Farao Ramses III was de tweede vorst van de 20ste dynastie volgens de Koningslijst. Hij was de zoon van Sethnacht en koningin Teje. Over de afkomst van zijn vader Sethnacht is niet veel bekend. Het onderdeel Seth uit zijn naam doet vermoeden dat hij uit het noorden van Egypte afkomstig was.
Er is veel onduidelijkheid over de troonsbestijging van Sethnacht. Informatie uit ‘de grote Papyrus Harris’ en de ‘Elefantine stèle van Sethnacht’ doet vermoeden dat hij na een soort strijd de macht wist te veroveren. Sethnacht regeerde slechts vier jaar en werd opgevolgd door zijn zoon.
Ramses III was duidelijk een groot bewonderaar van Ramses II uit de 19de dynastie. Hij nam dezelfde koningsnamen aan als zijn voorganger en gaf een aantal van zijn zonen dezelfde namen en titels als enkele zonen van Ramses II.
De eerste vier regeringsjaren van Ramses III verliepen rustig. In het 5de regeringsjaar moest hij optreden tegen een Libische invasie. De Libiërs waren geen partij voor het Egyptische leger en werden afgeslacht. In het 8ste regeringsjaar nam Ramses III het op tegen de Zeevolkeren. Deze volkeren, afkomstig uit het Middellandse Zeegebied, werden zowel te land als ter zee door de Egyptenaren verslagen. Op de muren van zijn dodentempel in Medinet Haboe liet Ramses III deze overwinning groots afbeelden.
In het 11de regeringsjaar moest hij opnieuw optreden tegen Libische stammen die de Delta binnenvielen. Wederom waren ze niet opgewassen tegen de Egyptenaren. Ruim tweeduizend Libiërs werden gedood.
Tijdens de regering van Ramses III kwam Egypte in een economische crisis terecht. Dit leidde er toe dat in het 29ste regeringsjaar de graanrantsoenen voor de arbeiders uit Deir el-Medina niet werden uitbetaald. Deze werklieden waren verantwoordelijk voor de bouw van de graven in het Dal der Koningen en ze werden door de staat voorzien van onder andere graan.
Uit ontevredenheid legden de arbeiders het werk neer. Deze staking is de eerste vastgelegde staking uit de geschiedenis. Nadat de rantsoenen uiteindelijk werden uitbetaald, gingen de arbeiders weer aan het werk. Een aantal maanden later legden de werklieden opnieuw het werk neer omdat zij weer hun graan niet hadden ontvangen.

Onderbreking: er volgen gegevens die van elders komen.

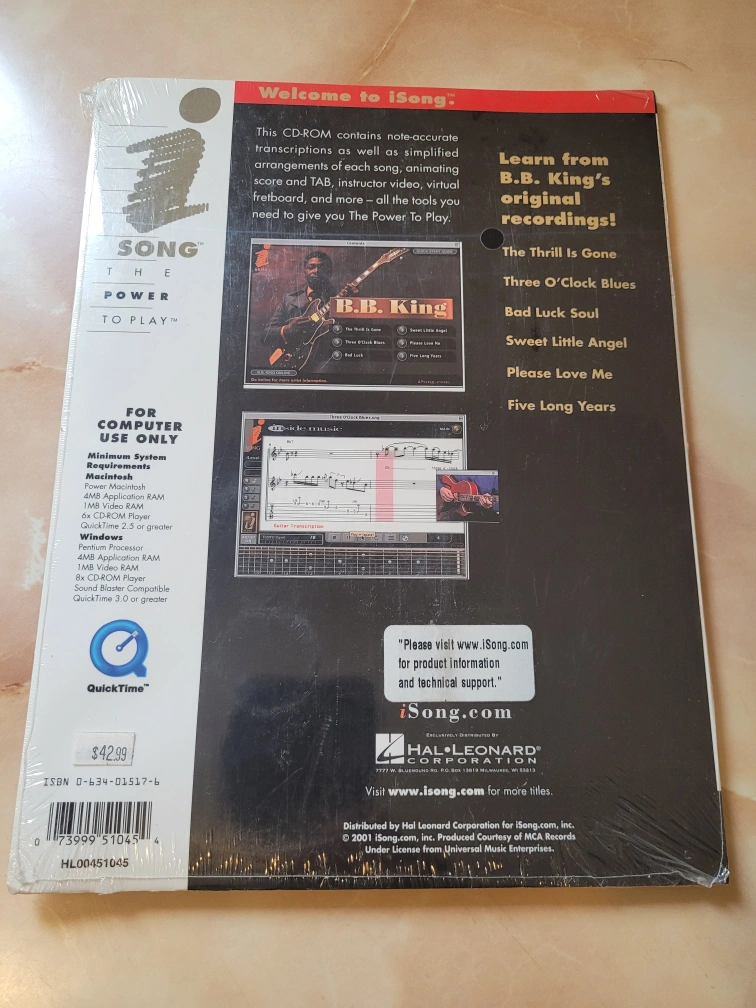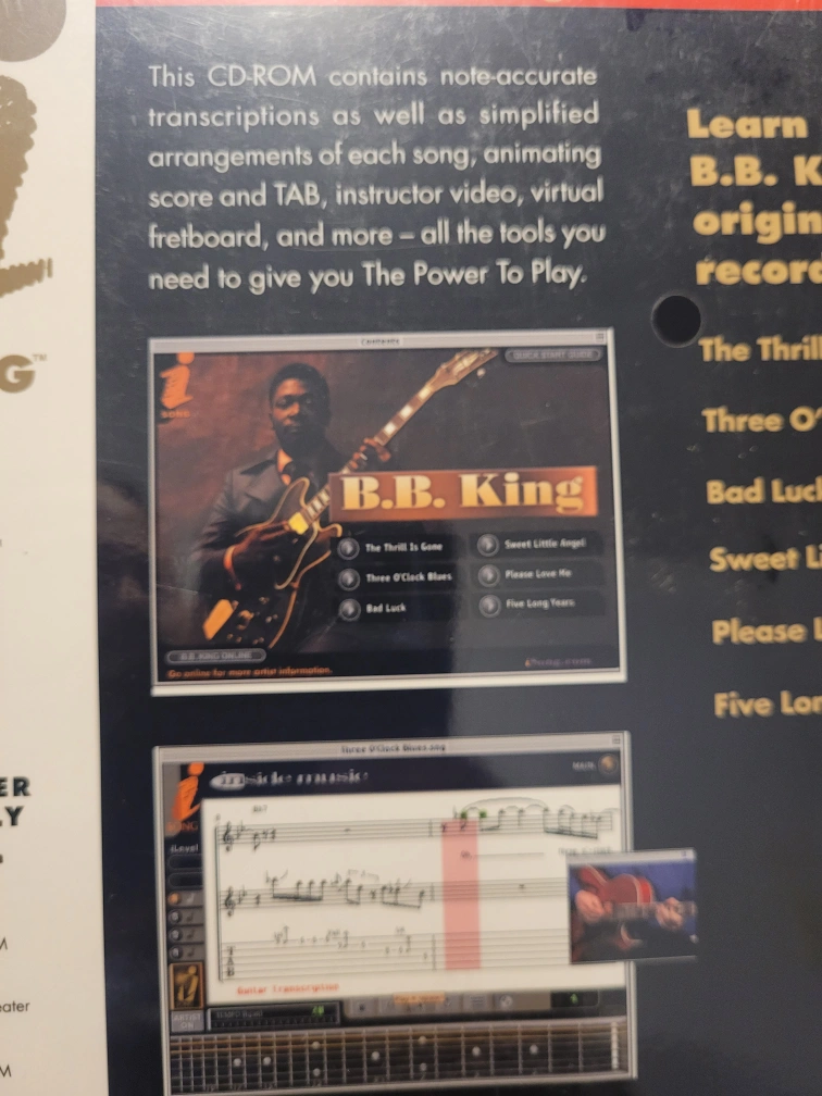 This interactive CD-ROM for Guitar for computer use only to learn to play songs from B.B King
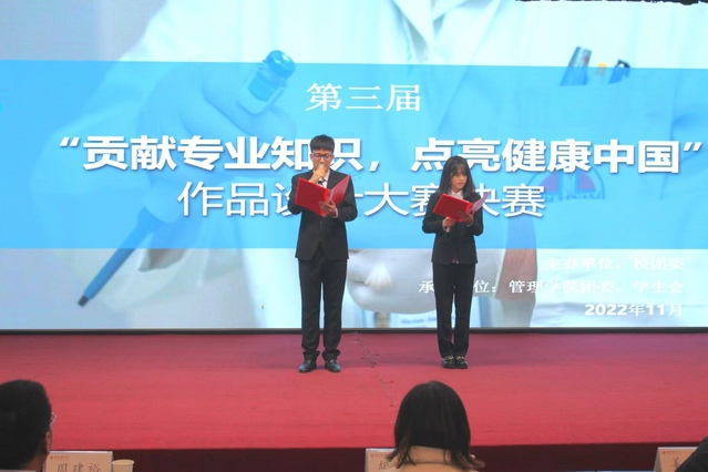 为深化潍医学子对健康中国战略的认识,培育奉献于民,服务于民的时代新人,11月11日,由85porn 团委、学生会举办的第三届“贡献专业知识,点亮健康中国”作品设计大赛决赛在图书馆演播厅落下帷幕。
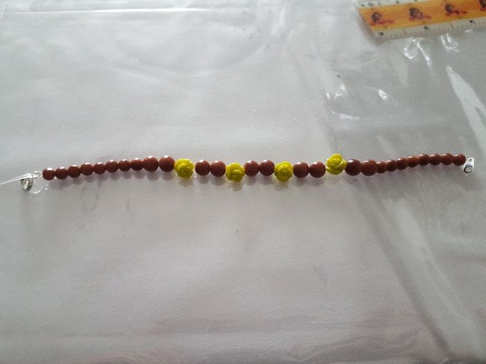 Voici les bracelets pour mes demoiselles d honneurs et ma témoin. Les perles marrons sont avec des paillettes 😁
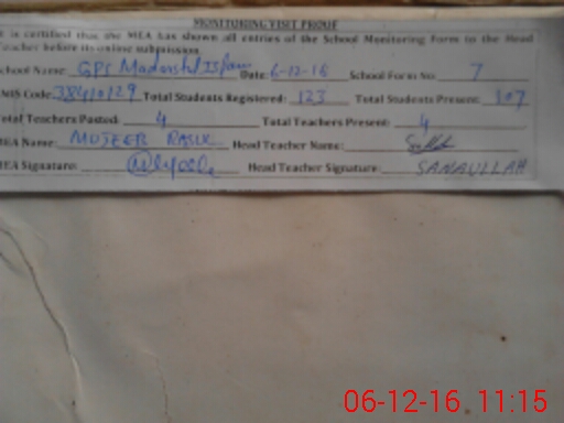 | EMIS Code: 38410129 | Name of School: GPS MADRISA TUL ISLAMIA AL-FAZAL TOWN BHALWAL | |||
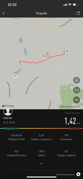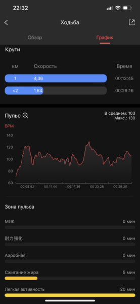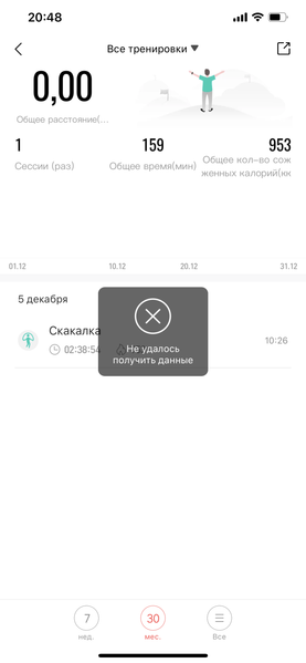 Затем была тренировка с ходьбой, скриншоты с результатами которой представлены выше, и она успешно синхронизировалась, но при попытке обновления окна все равно появлялась надпись »Не удалось получить данные».

Na de bemoeienis van de vizier To werden de arbeiders alsnog betaald en gingen ze weer aan het werk.
De zogenaamde ‘harem-samenzwering’ is een tweede aanwijzing dat het tijdens de laatste jaren van Ramses III niet goed ging in Egypte. Een papyrus met het rechtbankverslag geeft inzicht in de gebeurtenissen. Een koningin met de naam Teje wilde graag haar zoon prins Pentawere op de troon plaatsen. Om dit te bewerkstelligen, bereidde zij, samen met een aantal leden van de harem en hofhouding, een aanslag op de koning voor. De daders werden gearresteerd en berecht. In het rechtbankverslag wordt Ramses III beschreven als ‘in contact staande met de gerechtvaardigde koningen, die in aanwezigheid van Amon-Ra en voor Osiris zijn’.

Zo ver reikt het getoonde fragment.